Learned through training (emerges from experience):
- SNN weights (R-STDP) — Reward-modulated spike-timing-dependent plasticity adapts 560 neuron connections based on intrinsic reward (vestibular comfort, prediction error, curiosity).
- Cerebellar correction (Marr-Albus-Ito) — The cerebellum learns forward-model corrections. Correction magnitude grows from 0.0006 to 0.034 over training — the strongest cerebellar signal ever measured in MH-FLOCKE.
- CPG-to-SNN handoff — The CPG starts at 90% control and fades to ~45% as the SNN proves it can maintain stable locomotion. The SNN earns control through competence, not through a timer.
The Numbers
- 33,000 steps, 9.7 minutes training time (57 sps on CPU)
- 0 falls, perfect upright streak
- 2 light targets reached (sf:2) through active VOR-guided steering
- VOR signal up to +0.54 — strong, sustained steering toward the light
- 4 Run-and-Tumble events — the navigation state machine triggered naturally
- Cerebellar correction: 0.008 — real Marr-Albus-Ito learning
Why the Dog Arcs Around the Light
You’ll notice the dog doesn’t walk straight to the light — it takes a wide arc.

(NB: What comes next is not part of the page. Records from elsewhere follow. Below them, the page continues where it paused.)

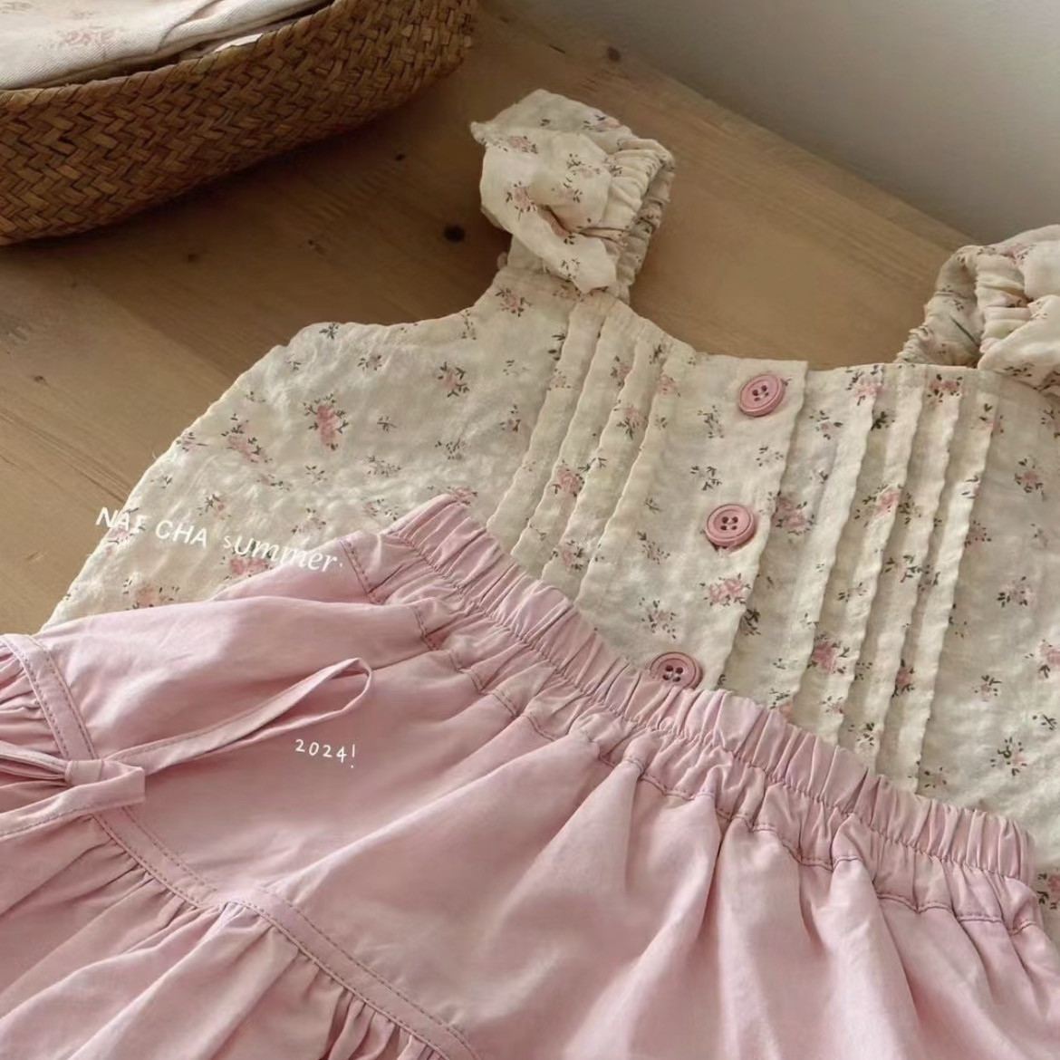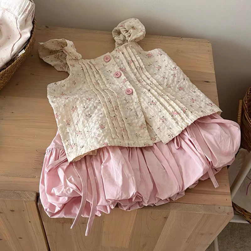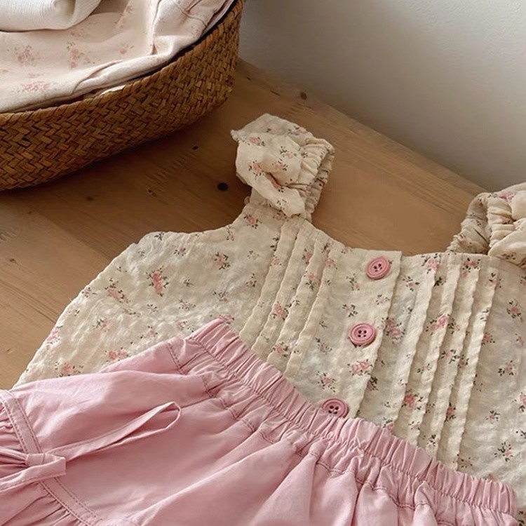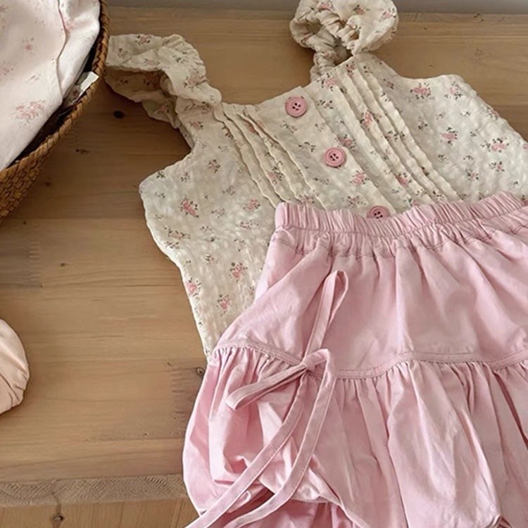 아기 소녀 투피스 소녀 정장 새로운 꽃 조끼 한국 스타일 달콤한 민소매 탑 꽃 버드 반바지스토어 가기
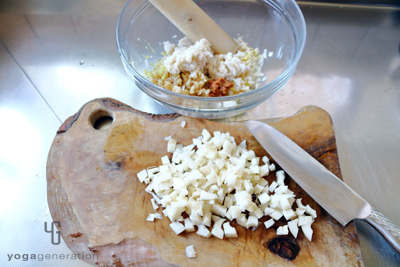 - レンコン(半分は擦りおろし、残りの半分は7〜8ミリ角切り)
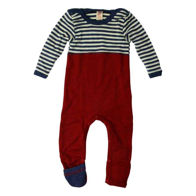 Die durchgehende Knopfleiste erleichtert das Wickeln und Anziehen. Dank der natürlichen Selbstreinigung der Wolle reicht oft schon einfaches Lüften aus. Bei Bedarf kann der Overall im Wollwaschgang gereinigt werden.

This is not a bug. The Freenove’s CPG produces approximately 12% amplitude asymmetry between left and right legs when steering. This gives the robot a turning radius of roughly 5 meters. The VOR reflex fires correctly, and the CPG responds — but the body can only turn as fast as the legs allow.
This is exactly what happens with real quadrupeds. A horse can’t make the same tight turns as a cat. The steering intention is there; the biomechanics set the limit.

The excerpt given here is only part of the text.